Could AI and Predictive Analytics Stop Sex Offenders?

Could AI and Predictive Analytics Stop Sex Offenders?

These tools have become more common in law enforcement over the last decade.

Predictive policing has come a long way in recent years. Police have always known when and where to step up patrols in certain city areas, for example, by applying simple predictive equations such as: payday + alcohol = trouble. You didn’t need to be a data scientist to anticipate a skirmish or three in bars on Friday night. But developments in data analytics and artificial intelligence are refining how law enforcement uses data and applies predictive analytics in a range of areas, focusing not just on overall trends but on individuals — and in the process renewing ethical concerns.

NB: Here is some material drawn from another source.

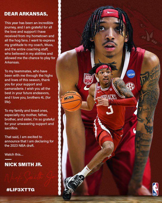 直播吧3月30日讯 阿肯色大学后卫小尼克-史密斯自宣参加2023年NBA选秀。

One area where predictive tools have caught on is with sex offenders. The Vanderburgh County Sheriff’s Office in Evansville, Indiana, for instance, this month joined a growing list of law enforcement agencies that have signed up with OffenderWatch, a sex offender registry network, for its Focus product, which the company says can help police better manage oversight of sex offenders.

OffenderWatch collects sex-offense data from more than 3,500 agencies, including information on about 60 percent of all sex offenders and other data from federal, state and local sources. Focus draws on that information and applies predictive analytics to over 100 risk factors in an individual sex offender’s record, the company says. It then comes up with a score that is added to an offender’s record, so police searching the system can identify those with highest risk factors. The sheriff’s office has been able to better identify and monitor high-risk offenders since it began using the system last fall, according to OffenderWatch’s release.

But while these systems often have produced positive results, they’ve also raised questions about privacy and fairness law enforcement agencies, courts and the companies behind these services must address.

Predictable Concerns

Predictive analytics has become a more common tool in law enforcement over the last decade, being used in everything from surveillance and crime prevention to criminal sentencing and parole recommendations.

The term “predictive policing” tends to conjure images of “Minority Report” Pre-Cogs seeing crimes before they happen, so Tom Cruise can pre-emptively arrest them. But algorithms don’t see the future. Like any data system, they deal with probabilities — like, it was probable the New England Patriots would win the Super Bowl, probable Hillary Clinton would win the 2016 presidential election, and probable someone couldn’t win the lottery twice in one day. Probabilities aren’t perfect. Predictive algorithms also can be led astray by incomplete or bad data, as evidenced by Google Flu Trends’ infamous misfire in predicting the spread of flu in 2013.

As predictive systems get enhanced and supercharged by the addition of AI algorithms, the question of bias in these systems also becomes more urgent. Human rights groups have claimed predictive policing unfairly targets minorities by reinforcing existing attitudes. A Wisconsin man challenged a 7-year jail sentence he got for driving a car without the owner’s consent and eluding police because a risk-assessment tool called COMPAS determined he was a high risk for committing future crimes. The man tried to get the case claiming the use of the tool was unfair before the Supreme Court, which declined to hear it last year.

Machines Get Smarter

Further enhancements might cloud the issue further. In February at the Artificial Intelligence, Ethics and Society conference in New Orleans, a research team presented an innovative AI tool designed to combat gang violence using partial information from a crime scene.

The team, from the University of Southern California, University of Nebraska-Lincoln and UCLA, used a “partially generative neural network” to examine four factors in a crime — the weapon, the number of suspects, the neighborhood and the exact location — which is a lot less than it would get from a police report, and fill in the gaps from there. It also drew on data from 50,000 violent crimes in Los Angeles from 2014 to 2016 to determine if a crime was likely to be gang-related, and reduced errors by up to 30 percent compared with a similar system, according to the team’s research paper.

The tool’s efficiency didn’t quell concerns about ethics from some others at the conference, as the web outlet Futurism reported. Some attendees said the partially generative system, while impressive from a technology perspective, could also reinforce biases reflected in its underlying data, and even result in an innocent person being charged with a crime.

Meanwhile, companies that supply predictive tools to police try to allay fears they go too far. One company, PredPol, which addresses the pros and cons of predictive policing, emphasizes its services can help prevent crime by predicting when and where it can happen. It does not try to predict who will commit a crime, nor does it use “hot spot” tools based on past crimes. That might allay some concerns, though this is an issue that won’t be resolved anytime soon, and which will certainly evolve over time.